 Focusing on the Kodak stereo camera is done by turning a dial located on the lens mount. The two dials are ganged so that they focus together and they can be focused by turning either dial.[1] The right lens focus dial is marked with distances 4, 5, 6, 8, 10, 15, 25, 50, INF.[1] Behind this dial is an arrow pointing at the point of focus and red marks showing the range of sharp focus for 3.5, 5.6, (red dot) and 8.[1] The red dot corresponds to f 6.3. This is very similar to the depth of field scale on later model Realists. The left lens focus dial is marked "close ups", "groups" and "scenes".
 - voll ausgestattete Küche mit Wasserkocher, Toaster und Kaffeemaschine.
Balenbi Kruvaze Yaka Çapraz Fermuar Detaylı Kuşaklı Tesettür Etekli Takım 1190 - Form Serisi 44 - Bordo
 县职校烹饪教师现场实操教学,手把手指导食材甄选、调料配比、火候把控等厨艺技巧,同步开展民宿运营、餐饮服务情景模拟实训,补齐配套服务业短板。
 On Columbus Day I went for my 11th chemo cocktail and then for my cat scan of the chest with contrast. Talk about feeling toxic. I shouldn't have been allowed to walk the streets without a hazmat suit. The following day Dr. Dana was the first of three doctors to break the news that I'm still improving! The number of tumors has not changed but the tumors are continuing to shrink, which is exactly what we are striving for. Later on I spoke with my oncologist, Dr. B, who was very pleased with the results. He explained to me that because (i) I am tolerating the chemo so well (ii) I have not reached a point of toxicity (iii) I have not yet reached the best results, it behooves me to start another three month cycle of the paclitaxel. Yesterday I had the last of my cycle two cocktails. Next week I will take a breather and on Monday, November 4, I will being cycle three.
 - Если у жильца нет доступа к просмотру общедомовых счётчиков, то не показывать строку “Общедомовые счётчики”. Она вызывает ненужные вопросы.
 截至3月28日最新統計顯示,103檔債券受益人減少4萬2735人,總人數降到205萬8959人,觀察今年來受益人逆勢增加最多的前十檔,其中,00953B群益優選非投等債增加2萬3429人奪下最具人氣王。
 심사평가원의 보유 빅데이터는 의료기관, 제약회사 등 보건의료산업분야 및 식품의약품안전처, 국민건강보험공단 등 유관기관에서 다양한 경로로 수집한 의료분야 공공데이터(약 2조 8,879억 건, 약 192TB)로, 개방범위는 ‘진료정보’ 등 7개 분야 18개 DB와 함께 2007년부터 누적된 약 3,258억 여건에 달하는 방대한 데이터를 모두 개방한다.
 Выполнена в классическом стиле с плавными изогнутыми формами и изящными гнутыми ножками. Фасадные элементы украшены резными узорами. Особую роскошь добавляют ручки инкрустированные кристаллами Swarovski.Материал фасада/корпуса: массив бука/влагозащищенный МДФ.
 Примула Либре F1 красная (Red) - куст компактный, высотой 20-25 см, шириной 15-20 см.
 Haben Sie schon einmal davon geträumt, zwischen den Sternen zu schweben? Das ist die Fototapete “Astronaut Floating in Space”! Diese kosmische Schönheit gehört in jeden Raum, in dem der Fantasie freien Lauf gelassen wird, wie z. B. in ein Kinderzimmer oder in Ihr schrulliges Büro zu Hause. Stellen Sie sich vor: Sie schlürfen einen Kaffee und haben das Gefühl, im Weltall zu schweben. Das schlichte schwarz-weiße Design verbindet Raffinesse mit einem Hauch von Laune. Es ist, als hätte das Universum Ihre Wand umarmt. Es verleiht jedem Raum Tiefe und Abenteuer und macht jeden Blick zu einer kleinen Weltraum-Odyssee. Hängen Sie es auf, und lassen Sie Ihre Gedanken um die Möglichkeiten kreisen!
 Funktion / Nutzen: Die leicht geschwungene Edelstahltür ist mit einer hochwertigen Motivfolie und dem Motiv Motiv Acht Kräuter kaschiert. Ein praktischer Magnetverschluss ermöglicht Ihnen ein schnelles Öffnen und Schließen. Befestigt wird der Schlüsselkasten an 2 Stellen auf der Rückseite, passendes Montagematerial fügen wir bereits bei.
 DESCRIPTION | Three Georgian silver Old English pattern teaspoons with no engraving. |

□ □ □ □ □

» EXERCISE DETAILS
Using the listing above, return word for word each line from the one that has "Выполнена в классическом" through the one that has "Haben Sie schon", and no line outside that range.

» SOLUTION BELOW
 Выполнена в классическом стиле с плавными изогнутыми формами и изящными гнутыми ножками. Фасадные элементы украшены резными узорами. Особую роскошь добавляют ручки инкрустированные кристаллами Swarovski.Материал фасада/корпуса: массив бука/влагозащищенный МДФ.
 Примула Либре F1 красная (Red) - куст компактный, высотой 20-25 см, шириной 15-20 см.
 Haben Sie schon einmal davon geträumt, zwischen den Sternen zu schweben? Das ist die Fototapete “Astronaut Floating in Space”! Diese kosmische Schönheit gehört in jeden Raum, in dem der Fantasie freien Lauf gelassen wird, wie z. B. in ein Kinderzimmer oder in Ihr schrulliges Büro zu Hause. Stellen Sie sich vor: Sie schlürfen einen Kaffee und haben das Gefühl, im Weltall zu schweben. Das schlichte schwarz-weiße Design verbindet Raffinesse mit einem Hauch von Laune. Es ist, als hätte das Universum Ihre Wand umarmt. Es verleiht jedem Raum Tiefe und Abenteuer und macht jeden Blick zu einer kleinen Weltraum-Odyssee. Hängen Sie es auf, und lassen Sie Ihre Gedanken um die Möglichkeiten kreisen!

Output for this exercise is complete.